[Footnote 22: “Points of articulation” must be understood to include tongue and lip positions of the vowels.]
[Footnote 23: Including, under the fourth category, a number of special resonance adjustments that we have not been able to take up specifically.]
[Footnote 24: In so far, it should be added, as these sounds are expiratory, i.e., pronounced with the outgoing breath. Certain languages, like the South African Hottentot and Bushman, have also a number of inspiratory sounds, pronounced by sucking in the breath at various points of oral contact. These are the so-called “clicks.”]

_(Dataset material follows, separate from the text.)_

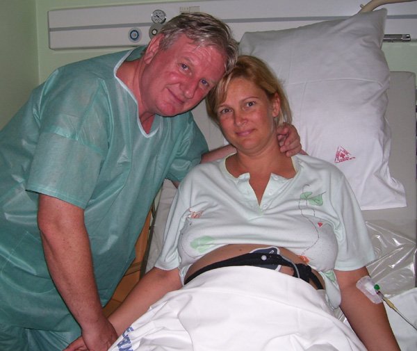 Szóval tegnap reggel UH, – rendben volt minden, de természetesen ismét konstatálták, hogy nem fordult meg. Tulajdonképpen régóta aggódtam, vajon miért nem fordul meg, lehet valami baja van? – Megvan annak az oka – mondják a szakemberek. – Hát tényleg megvolt: rövid volt a köldökzsinór, és a nyakára is volt tekeredve. Így aztán jobb is, hogy császár lett. Este nyolcra hívtak be minket a kórházba, infúzió, vérvétel (mindkét karból, – pedig Andi már az egyiktől is el szokott ájulni), antibiotikum, és vártuk az orvost a szülőágyon.

The phonetic habits of a given language are not exhaustively defined by stating that it makes use of such and such particular sounds out of the all but endless gamut that we have briefly surveyed. There remains the important question of the dynamics of these phonetic elements. Two languages may, theoretically, be built up of precisely the same series of consonants and vowels and yet produce utterly different acoustic effects. One of them may not recognize striking variations in the lengths or “quantities” of the phonetic elements, the other may note such variations most punctiliously (in probably the majority of languages long and short vowels are distinguished; in many, as in Italian or Swedish or Ojibwa, long consonants are recognized as distinct from short ones). Or the one, say English, may be very sensitive to relative stresses, while in the other, say French, stress is a very minor consideration. Or, again, the pitch differences which are inseparable from the actual practice of language may not affect the word as such, but, as in English, may be a more or less random or, at best, but a rhetorical phenomenon, while in other languages, as in Swedish, Lithuanian, Chinese, Siamese, and the majority of African languages, they may be more finely graduated and felt as integral characteristics of the words themselves. Varying methods of syllabifying are also responsible for noteworthy acoustic differences. Most important of all, perhaps, are the very different possibilities of combining the phonetic elements. Each language has its peculiarities. The ts combination, for instance, is found in both English and German, but in English it can only occur at the end of a word (as in hats), while it occurs freely in German as the psychological equivalent of a single sound (as in Zeit, Katze). Some languages allow of great heapings of consonants or of vocalic groups (diphthongs), in others no two consonants or no two vowels may ever come together. Frequently a sound occurs only in a special position or under special phonetic circumstances. In English, for instance, the z-sound of azure cannot occur initially, while the peculiar quality of the t of sting is dependent on its being preceded by the s. These dynamic factors, in their totality, are as important for the proper understanding of the phonetic genius of a language as the sound system itself, often far more so.